OpenWhiteBox is an initiative with some similarities with our Deadpool project: it aims at providing white-box implementations and their cryptanalyses. However, as opposed to us, they write their own open source implementations (while we collect existing challenges, sometimes without sources) and they focus on algebraic analyses. In short, it is a nice project complementary to ours! One of their implementation is a Chow construction written in Go.

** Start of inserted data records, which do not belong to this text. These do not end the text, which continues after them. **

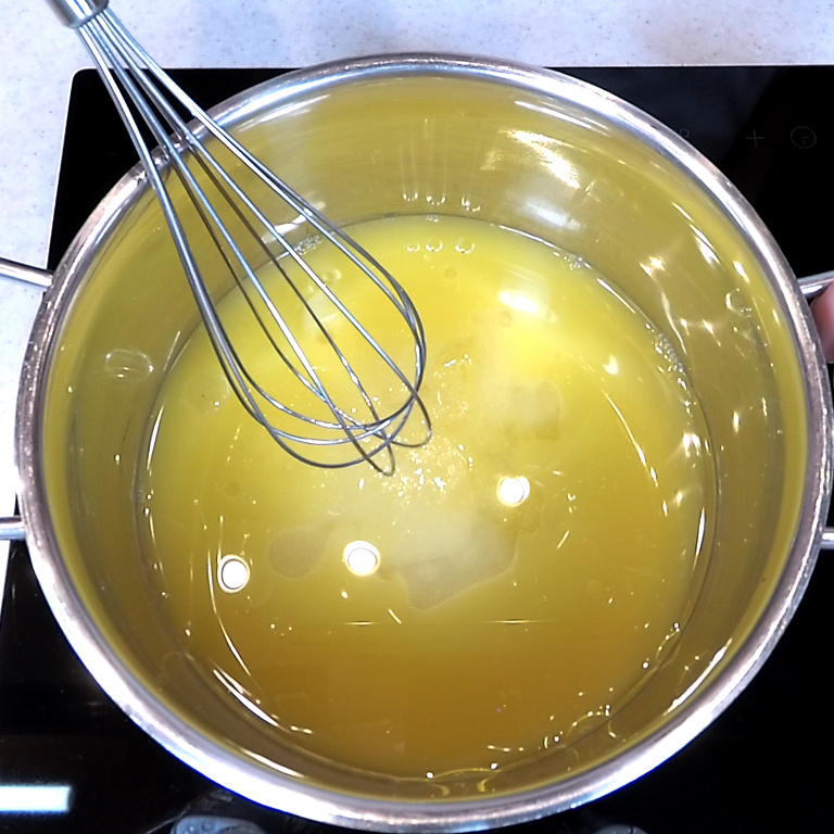 Что делаем далее. Переходим к жидкой составляющей теста. Ставим на плиту кастрюльку и вливаем в неё апельсиновый сок. Можно его отжать самостоятельно, можно взять магазинный из пакетика.
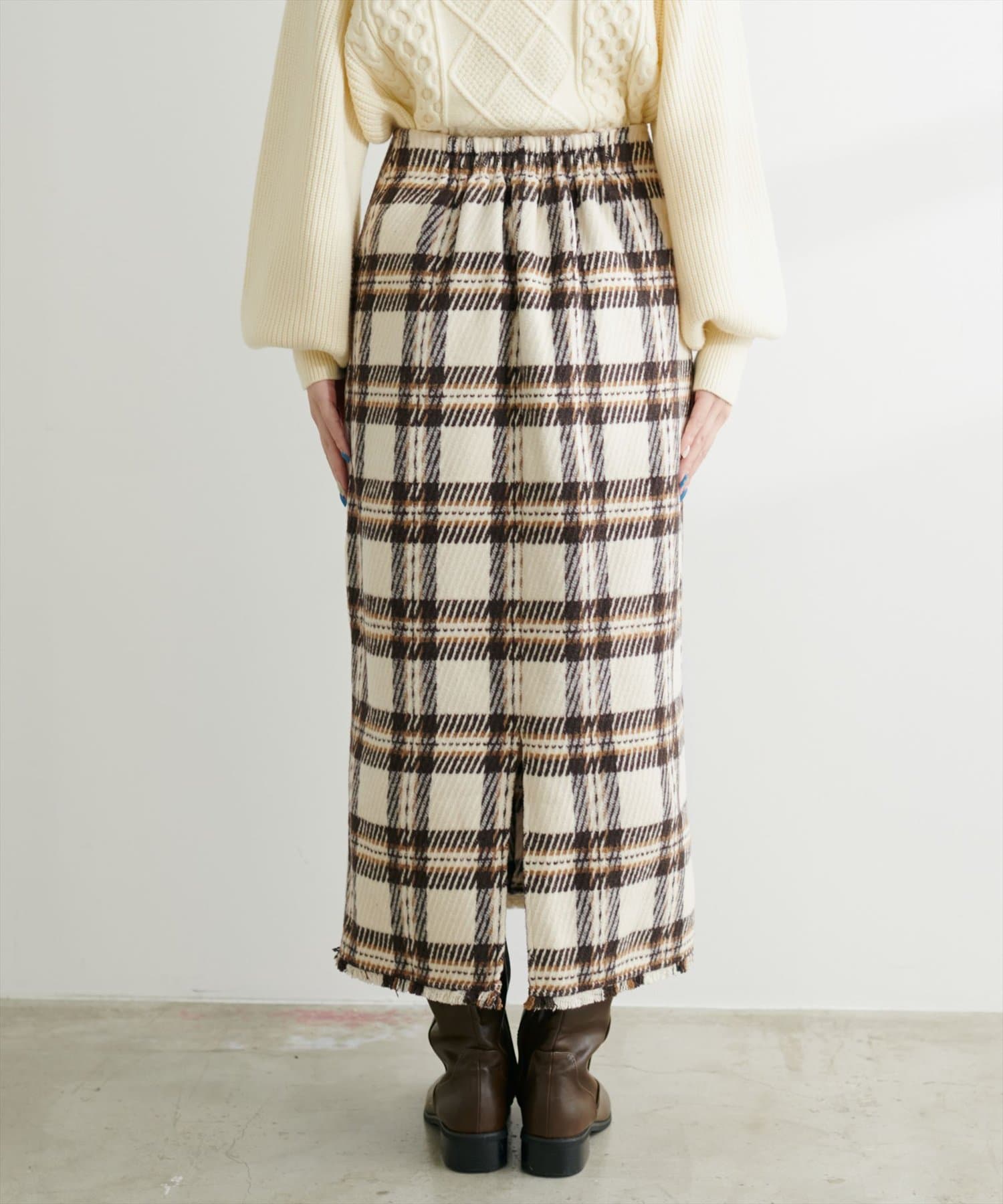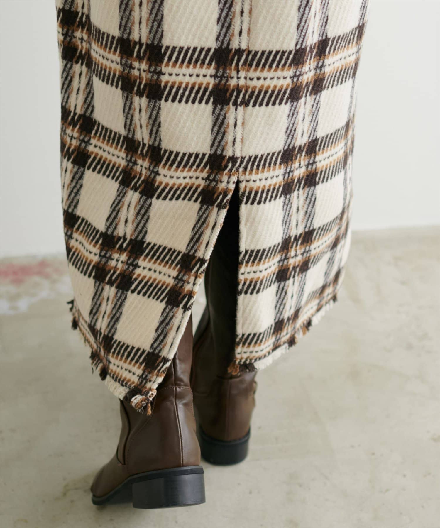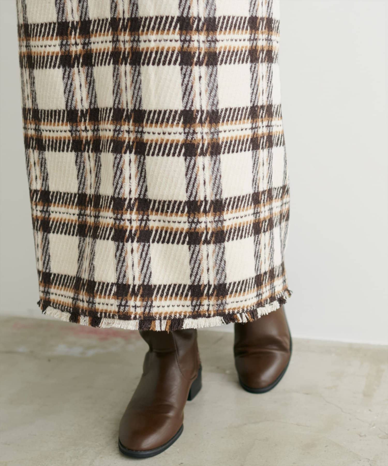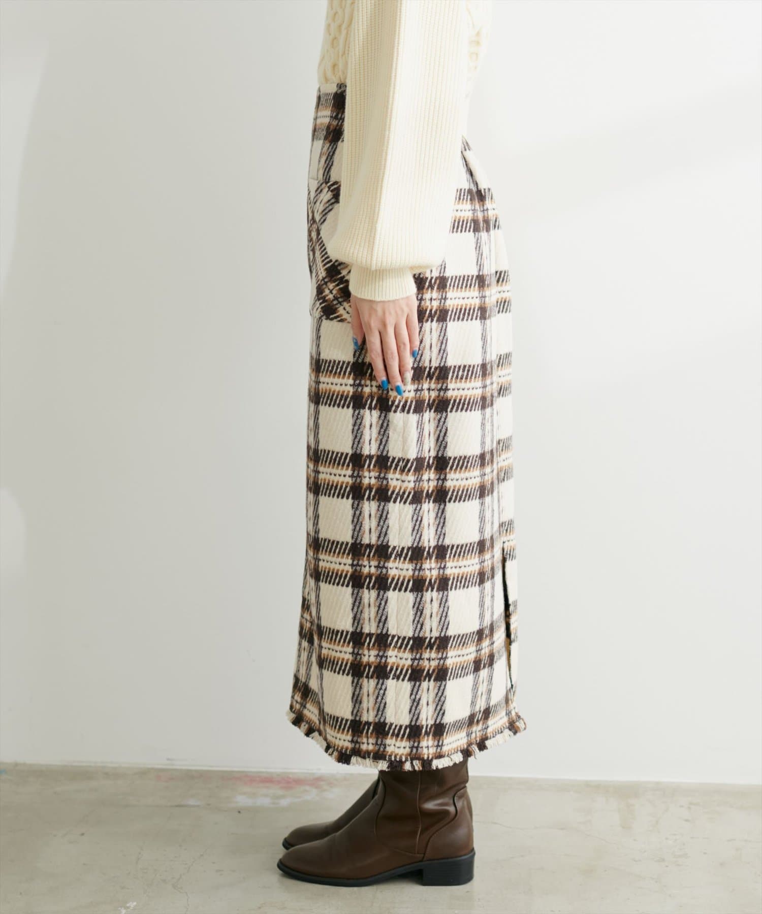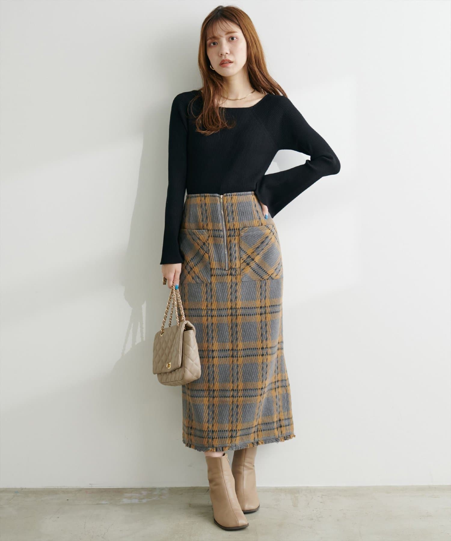 秋冬を先取りできる大き目のチェック柄と、センターに入ったZIPデザインが目を惹くタイトスカート。
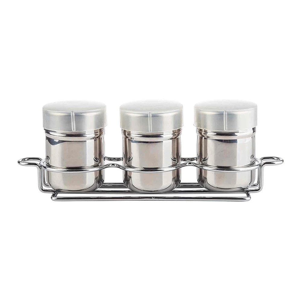 Create the perfect coffee station with this 3‐piece shaker set from TableCraft. Use for dusting your drinks with sweet toppings, then store in the stylish rack. This set with rack includes: (3( Shakers “Cinnamon”, “Cocoa” & “Nutmeg” & (3( Storage Caps.
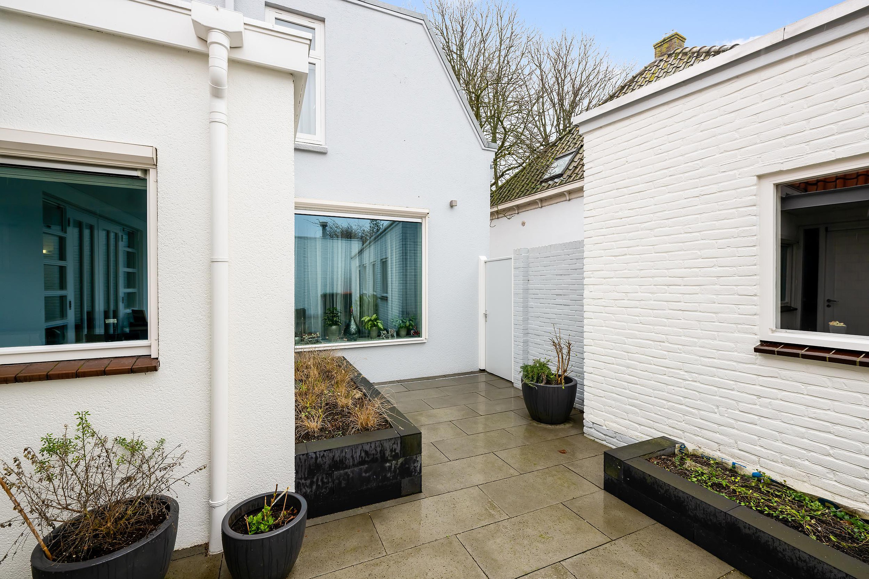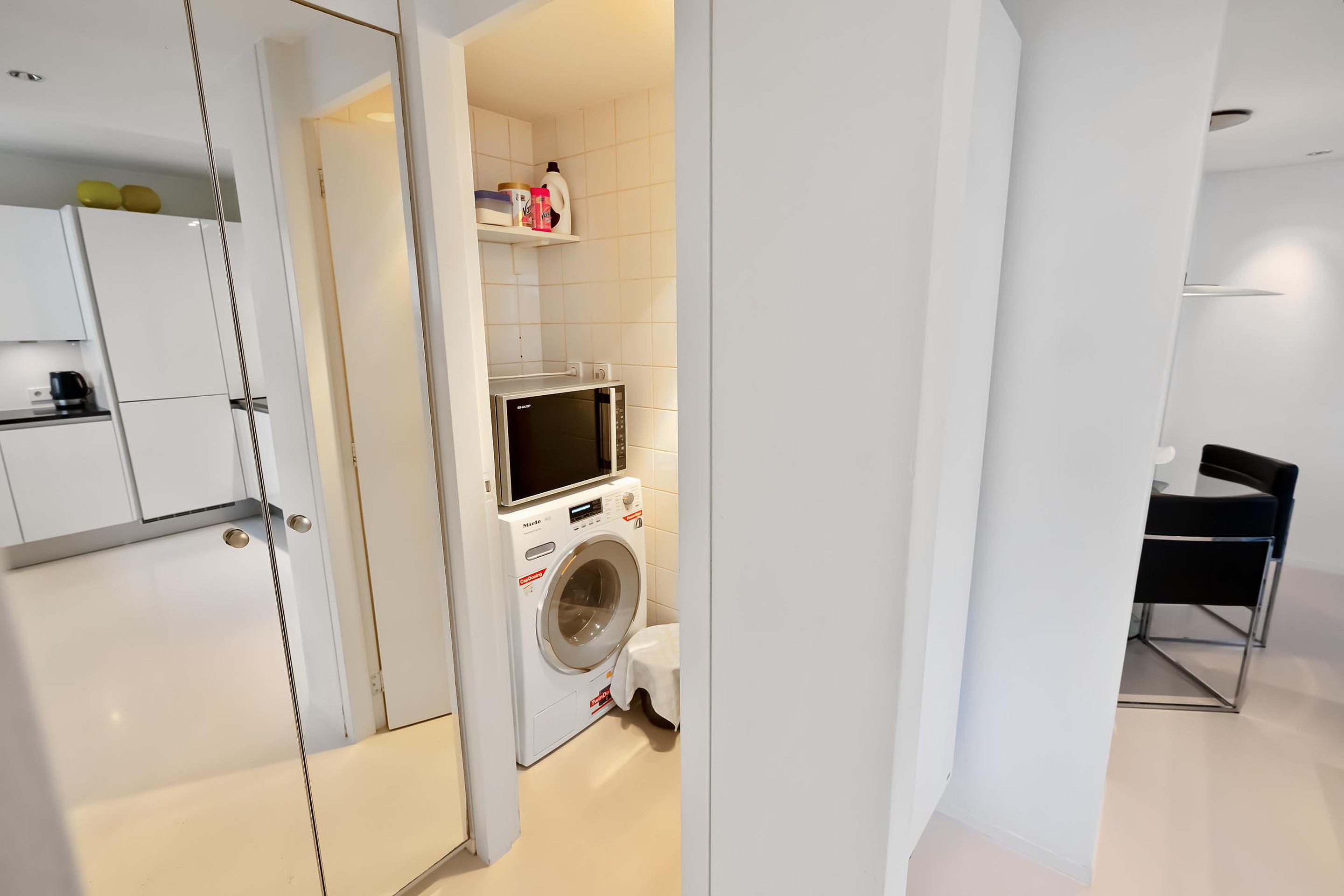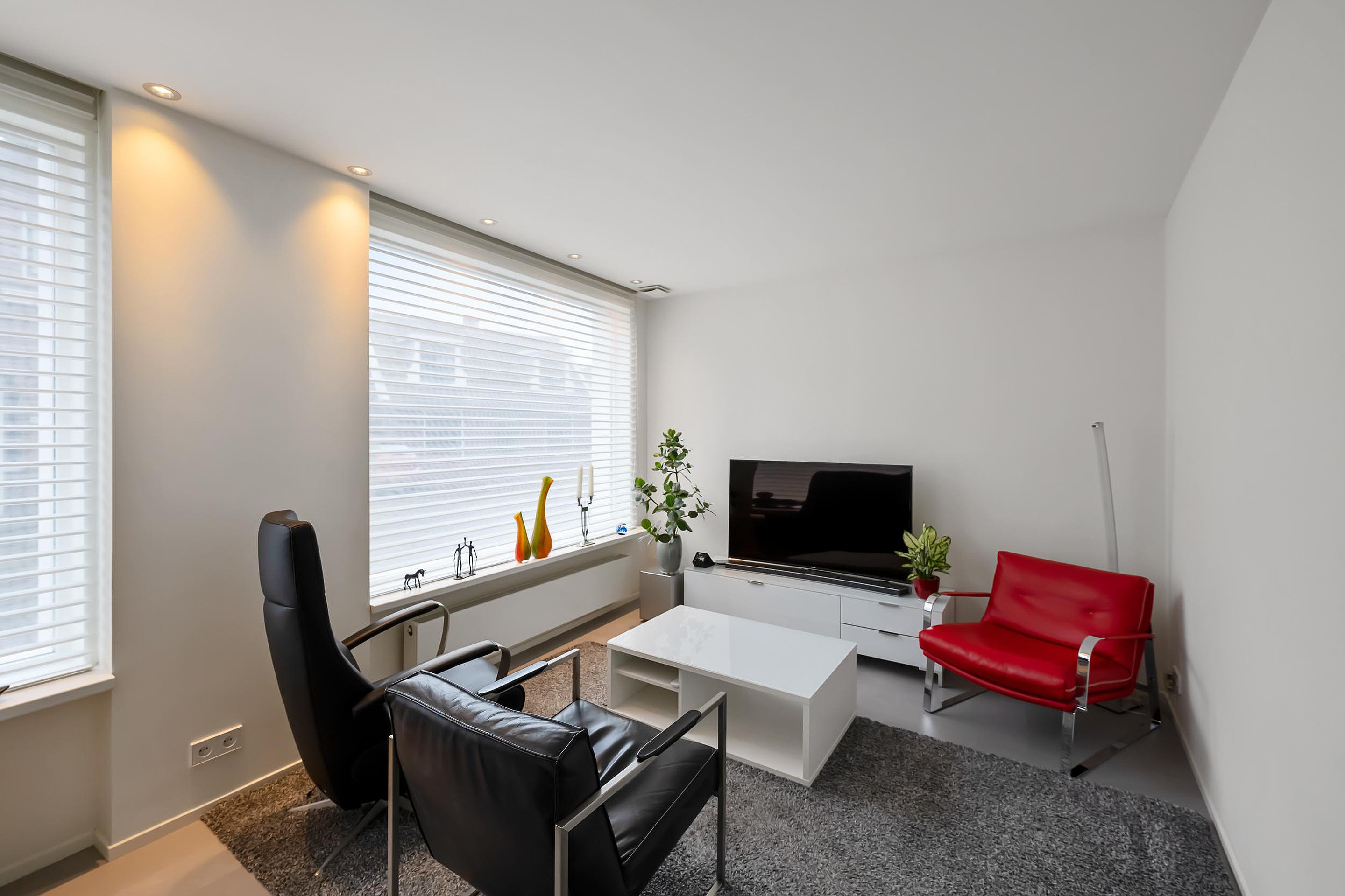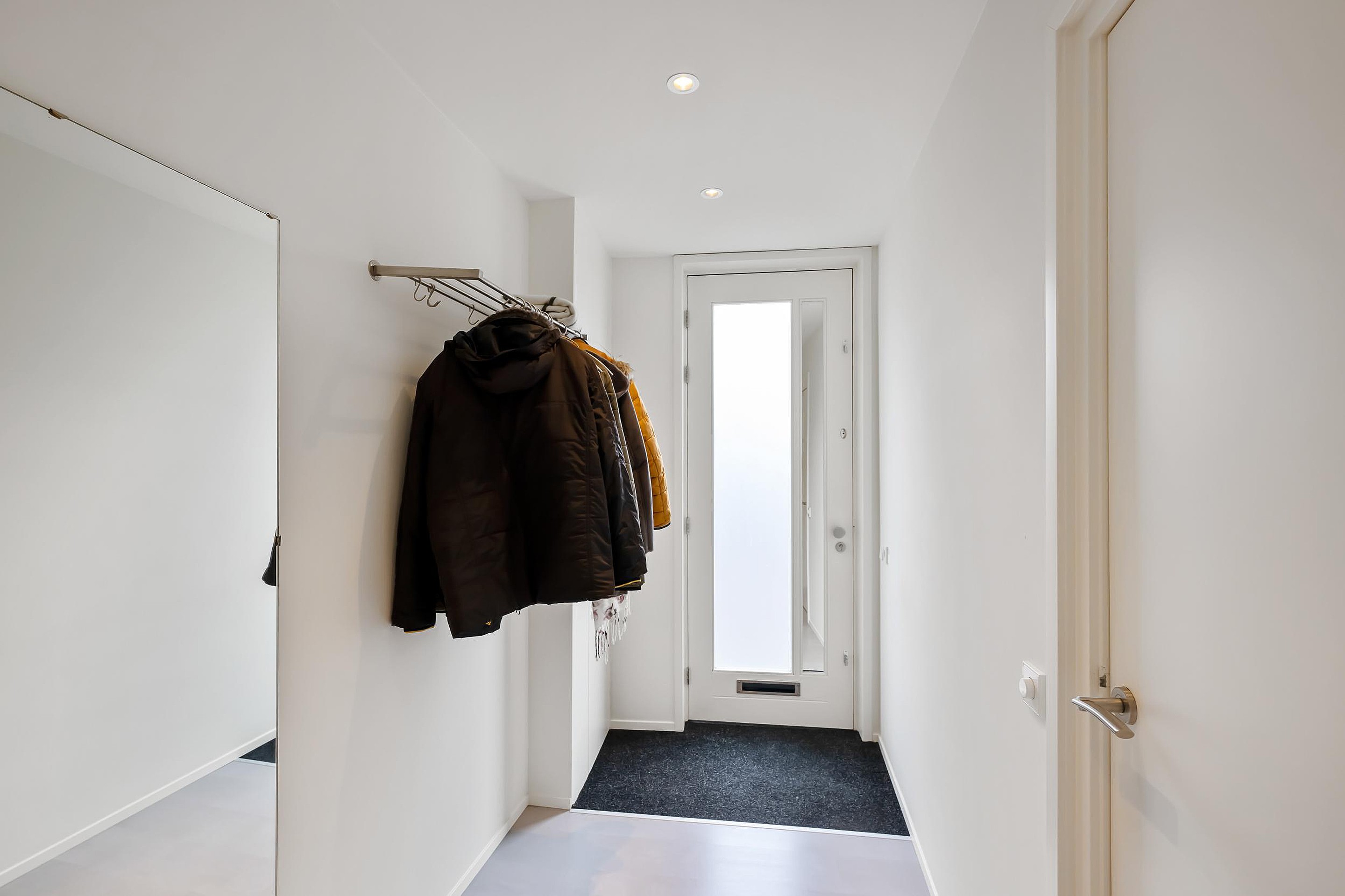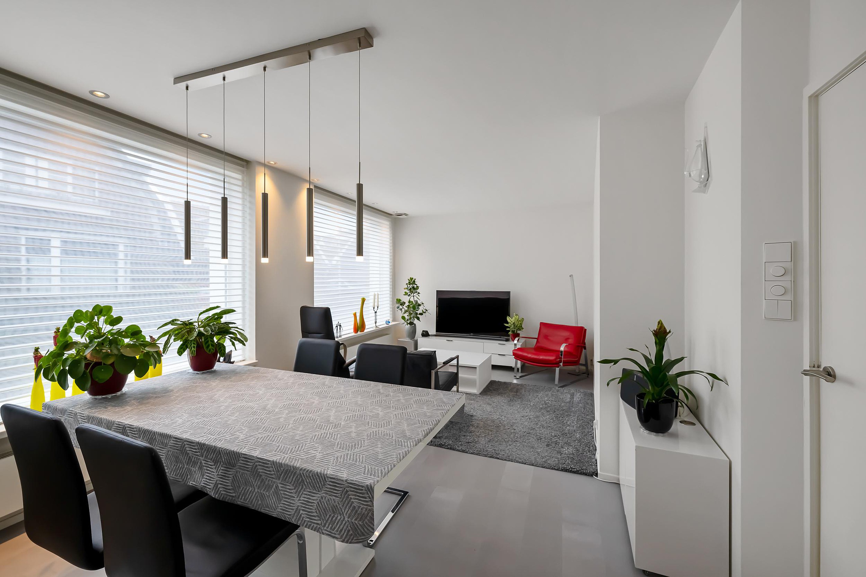 Via de tweede hal is de trap naar de eerste verdieping, en ook de toegang naar de achter(woonkamer). Vanaf hier loop je zo de luxe open keuken in die is voorzien van alle benodigde apparatuur om heerlijk te kokkerellen.

Unfortunately for us, if Go is neat as source code, it is not the same story when it comes to the underlying execution. To understand what we mean, have a look at the execution trace:

Visualization of one OpenWhiteBox Chow execution trace

Again, as for CHES2016, using the framework parameters with their default values fail because of false positives: traces with a good pattern but that cannot be broken.

We indicate now to the DFA framework that we want to go as deep as single byte faults and we bump up the value of minfaultspercol to 150. The key is finally found in 300s with 34500 traces, out of which 384 present a good fault pattern.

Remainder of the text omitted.